Market players are used to very quick bounces as dip buyers jump on even minor weakness, so a day like today can feel much more negative than it really is. The dip buyers did well on the open yesterday, but the weak close has cooled them off a bit this morning.
The main problem today is that breadth has turned down and is now running around 2-to-1 negative. We still have gold and mining running, but oils reversed hard and Amazon (AMZN) is pulling back steadily after the huge gap. There still isn't much interest in big-cap technology despite the efforts of Facebook (FB) and AMZN. (Facebook is part of TheStreet's Action Alerts PLUS portfolio. Amazon is part of the Growth Seeker portfolio.)
Action like this tends to get the bears very excited very quickly. They want to declare that it's the start of the long-awaited correction and tend to conclude that routine pullbacks are something much more dire. The big problem the bears have had is the inability to produce sustained downside momentum.

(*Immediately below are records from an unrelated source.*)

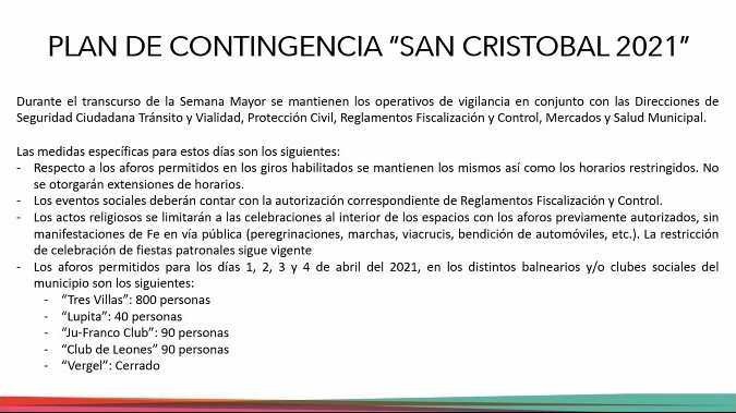 De igual forma, los aforos en los balnearios y clubes sociales continúan vigentes, por tal razón del 1 al 4 de abril, habrá operativos de revisión en los mismos.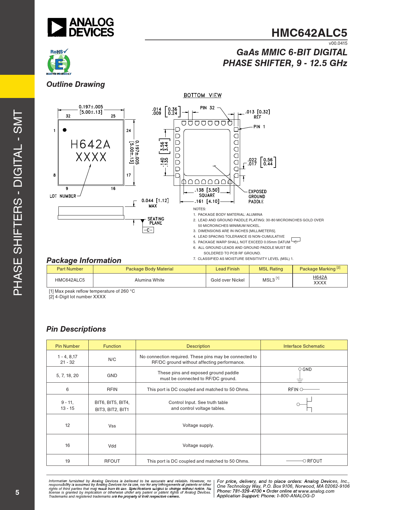 HMC642ALC5 v00.0415 GaAs MMIC 6-BIT DIGITALPHASE SHIFTER, 9 - 12.5 GHzOutline Drawing T M L - S ITA IG S - D R NOTES: E 1. PACKAGE BODY MATERIAL: ALUMINA T 2. LEAD AND GROUND PADDLE PLATING: 30-80 MICROINCHES GOLD OVER 50 MICROINCHES MINIMUM NICKEL. IF 3. DIMENSIONS ARE IN INCHES [MILLIMETERS]. H 4. LEAD SPACING TOLERANCE IS NON-CUMULATIVE 5. PACKAGE WARP SHALL NOT EXCEED 0.05mm DATUM -C- 6. ALL GROUND LEADS AND GROUND PADDLE MUST BE SOLDERED TO PCB RF GROUND. E S 7. CLASSIFIED AS MOISTURE SENSITIVITY LEVEL (MSL) 1. Package Information S Part Number Package Body Material Lead Finish MSL Rating Package Marking [2] A H HMC642ALC5 Alumina White Gold over Nickel MSL3 [1] H642A XXXX P [1] Max peak reflow temperature of 260 °C [2] 4-Digit lot number XXXX Pin Descriptions Pin Number Function Description Interface Schematic 1 - 4, 8,17 No connection required. These pins may be connected to N/C 21 - 32 RF/DC ground without affecting performance. These pins and exposed ground paddle 5, 7, 18, 20 GND must be connected to RF/DC ground. 6 RFIN This port is DC coupled and matched to 50 Ohms. 9 - 11, BIT6, BIT5, BIT4, Control Input. See truth table 13 - 15 BIT3, BIT2, BIT1 and control voltage tables. 12 Vss Voltage supply. 16 Vdd Voltage supply. 19 RFOUT This port is DC coupled and matched to 50 Ohms. Informat F io o n r p furn risihcee d , d by e An lialvoe g rDy a evic n e d t s is o p belie lva e c d t e o o b rd e a e cc rursa: A te a n n a d lo reli g D able. e H v o ic weveers, I no For price, delivery, and to place orders: Analog Devices, Inc., responsibility is assumed by Analog Devices for its use, nor for any infringements of patents or other nc., 2 Elizabeth Drive, Chelmsford, MA 01824 One Technology Way, P.O. Box 9106, Norwood, MA 02062-9106 Phone: 978-250-3343 • Fax: 978-250-3373 • O rights of third parties that may result from its use. Specifications subject to change without notice. No rd Ph e o r O ne n : 7 -l 81 i-n 3 e a 29-4t w 70 ww 0 • O .h rd iettit r o e nli.c n om 5 license is granted by implication or otherwise under any patent or patent rights of Analog Devices. e at www.analog.com Application Support: Pho Trademarks and registered trademarks are the property of their respective owners.ne: 978-250-33A4 p 3 o plic r a atiopp n S su@ p h po irtttit : Pe. hocno e m : 1-800-ANALOG-D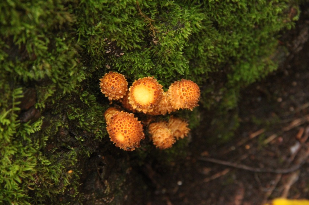 Lähdimme kävelemään samaa hiekkatietä takaisinpäin, jota pitkin olimme juuri körötelleet autoillamme perille. Tarkistin välillä Karttaselaimesta sijaintiamme, jotta löytäisimme oikean risteyksen mökkiteiden lomasta. Muutaman risteyksen jälkeen käännyimme vasemmalle seuraillen Moksijärven rannan tuntumassa kulkevaa tietä, jonka varrella oli useampia mökkejä. Vähitellen pieni lehtien täplittämä tie muuttui enemmän poluksi ja vastaan tuli luonnonsuojelualueen merkki. Kävelimme verkkaisesti viihtyisää polkua pitkin luontoa ihmetellen ja yritimme tunnistaa outoja sieniä, kuuntelimme harvoja lintuääniä sekä tutkimme kantoja ja koloja. Tavoitteena oli myös löytää hiidenkirnu ja Karttaselainta apuna käyttäen huomasin olevamme aika kohdalla. Polun oikealla puolella kohosikin Konianvuoren kalliot ja reitti ylöspäin näytti olevan melkoista ylämäkeä. Päättelin, että hiidenkirnulle täytyy mennä polku, mutta kohteen jäädessä jo kartan mukaan taakse, lähdimme painelemaan summamutikassa rinnettä ylöspäin. Nousu olikin aika haastava ja perille päästyämme näimme heti polun, joka olisi tuonut meidät perille suoraan kohteeseen.
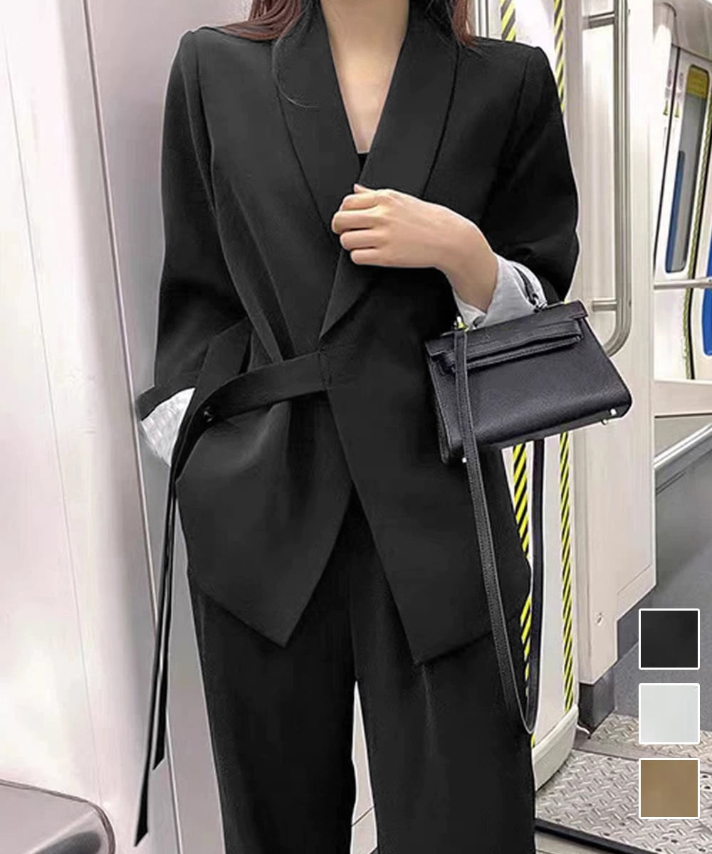 ベルト付きウエストマーク ロングジャケット ゆったり セミワイドパンツ 大人上品セット オフィススーツセット30代40代

They have a victory or two and are unable to build on it. The problem is that they aren't a match for the central bankers who are sure to pop up very fast when there is any weakness.

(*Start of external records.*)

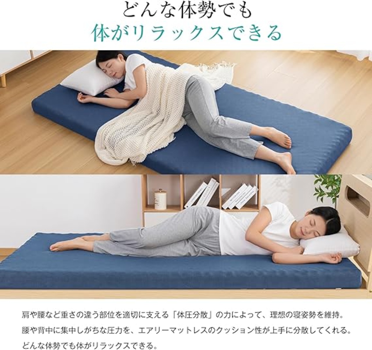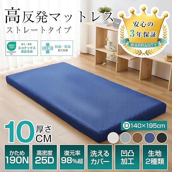Housecover マットレス ダブル 高反発 硬め190N 極厚10㎝ ベットマット 凹凸加工 敷布団 高密度 お昼寝マット 体圧分散 抗菌防臭 通気性が良い 折り畳みマットレス コンパクに収納 洗えるカバー取り外しでき 圧縮梱包 140 x 195 x 10cm ネイビー01 a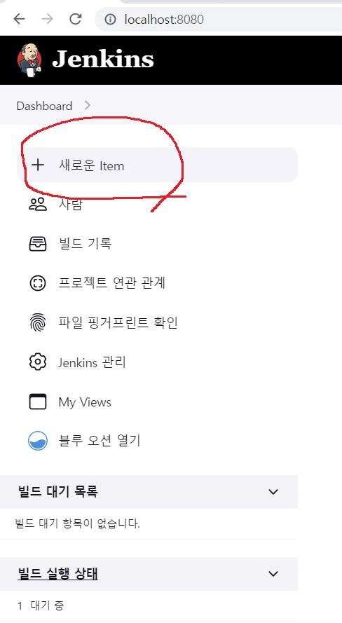 - 젠킨스(Jenkins) 윈도우(Windows)에서 Github Private Repositories를 불러오는 방법입니다. - 필수 준비물 : Git, Private Repo, Jenkins, GitHub ID 1. 젠킨스에 로그인 한 뒤 "새 작업"을 눌러줍니다. 2. item name에 자신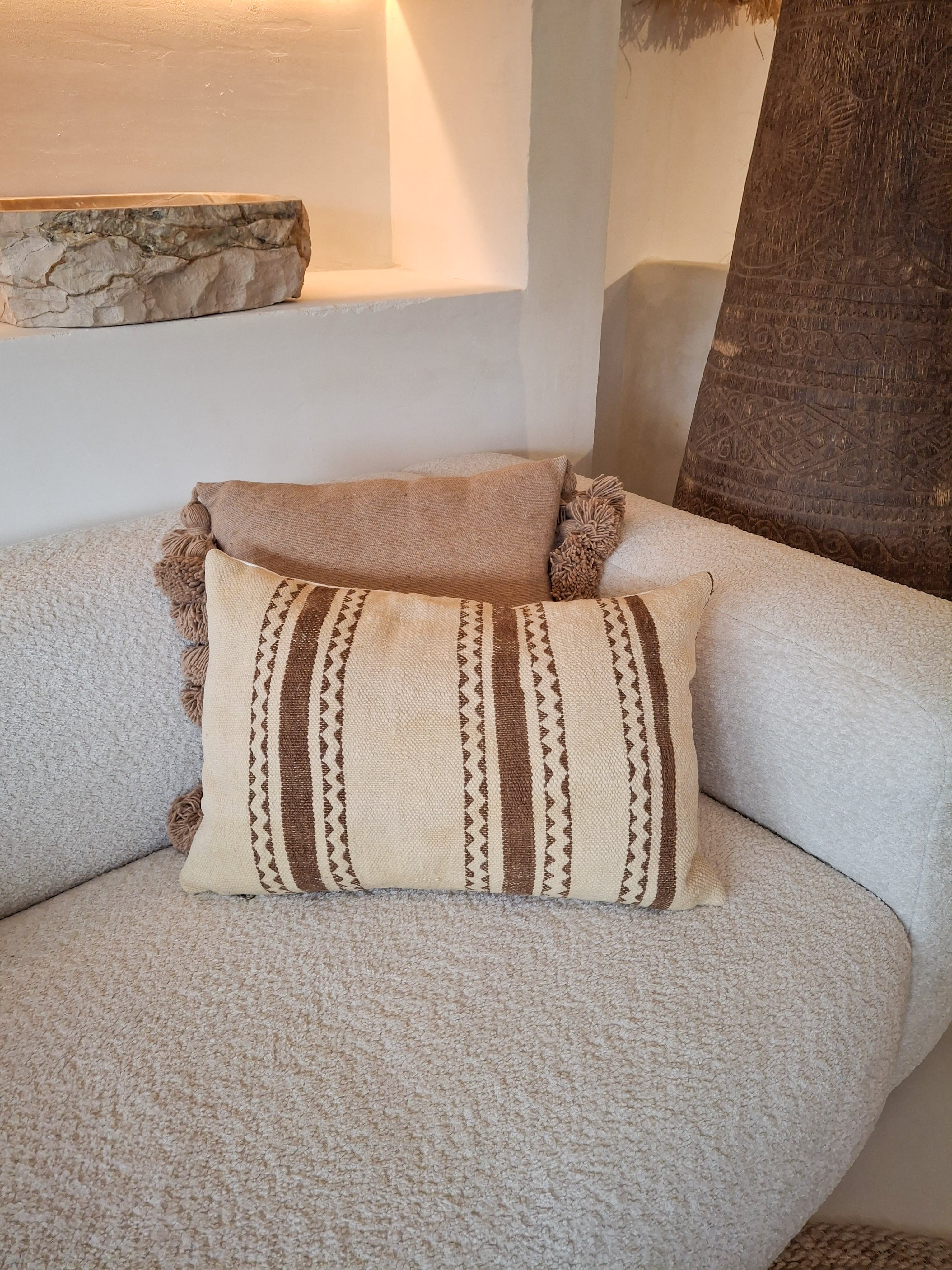 Ontdek de charme van authentiek vakmanschap met onze unieke kussenhoezen, met de hand gemaakt in Marokko. Elke hoes is een op zichzelf staand kunstwerk, met zorg vervaardigd door lokale ambachtslieden. Geen enkel exemplaar is hetzelfde subtiele variaties in kleur, patroon en textuur maken jouw kussen écht bijzonder.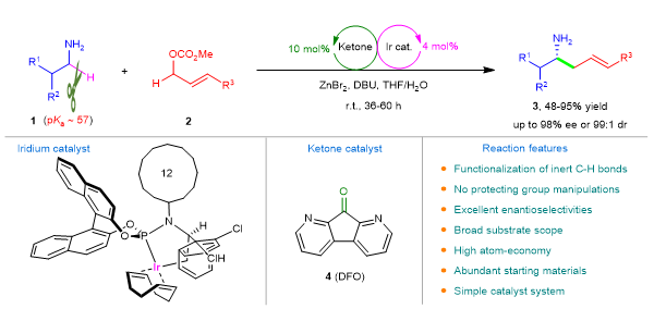 赵宝国课题组在前期发展的仿生羰基催化的基础上,成功开发了一种新型的羰基催化剂——1,8-二氮-9-芴酮 (4),运用酮/铱协同催化的策略,无需对NH2基团进行保护,在温和条件下成功地实现了烷基伯胺α-C-H键的不对称烯丙基烷基化反应,以良好的收率和优异的对映选择性高效构建了一系列手性高烯丙基胺化合物。该研究突破了烷基伯胺α-C-H键的反应惰性(pKa ~ 57)制约,为羰基催化的发展和手性胺的合成提供了新的思路。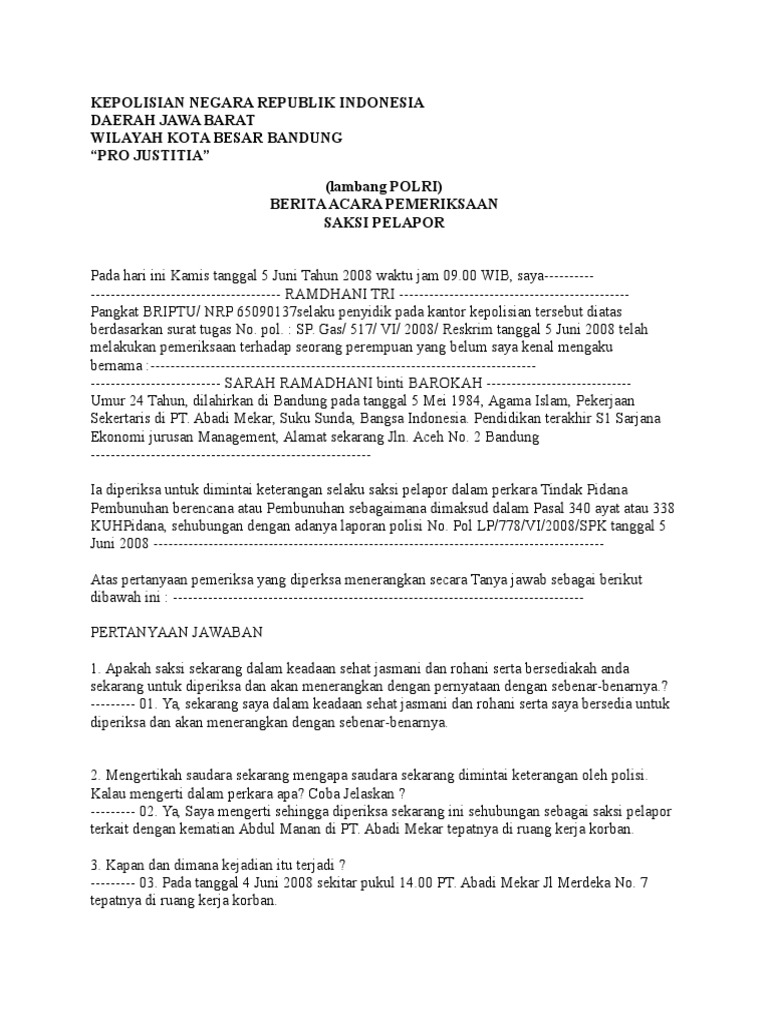 Usai dirinya ditetapkan sebagai tersangka dan ditahan. Rizieq dicecar 84 pertanyaan setelah menjalani pemeriksaan sekitar 12 jam. Contoh berita acara pemeriksaan tersangka leave a comment.

Right now the Bank of Japan gave the bears a little opening. That is compounded by some rotational action, but I don't yet see any major change in market character. In fact, I'll be looking for some dovish comments in the next week or so to put a bid back under the market.

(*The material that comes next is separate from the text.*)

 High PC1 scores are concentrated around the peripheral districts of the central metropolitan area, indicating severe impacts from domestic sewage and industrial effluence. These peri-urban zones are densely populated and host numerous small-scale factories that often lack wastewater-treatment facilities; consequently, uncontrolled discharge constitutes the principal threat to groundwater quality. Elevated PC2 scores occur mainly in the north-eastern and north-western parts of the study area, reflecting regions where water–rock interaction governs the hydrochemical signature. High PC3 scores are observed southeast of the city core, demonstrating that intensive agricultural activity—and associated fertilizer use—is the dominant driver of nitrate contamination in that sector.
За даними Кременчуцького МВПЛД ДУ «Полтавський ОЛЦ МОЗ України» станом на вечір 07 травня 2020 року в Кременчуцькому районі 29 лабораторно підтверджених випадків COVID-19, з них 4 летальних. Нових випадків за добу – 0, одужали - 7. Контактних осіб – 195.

At this point, all I see is some healthy corrective action. It used to be pretty routine in the old days when the dip buyers weren't so aggressive, but the structure of the market has shifted and now even minor weakness is viewed as a major event since it is so rare.
I'm not doing much today, but I do like that a number of individual charts are pulling back. Names such as recent stocks of the week DRD Gold (DRD) and Teck Resources (TCK) are going parabolic, but outside of that there isn't much of interest right now.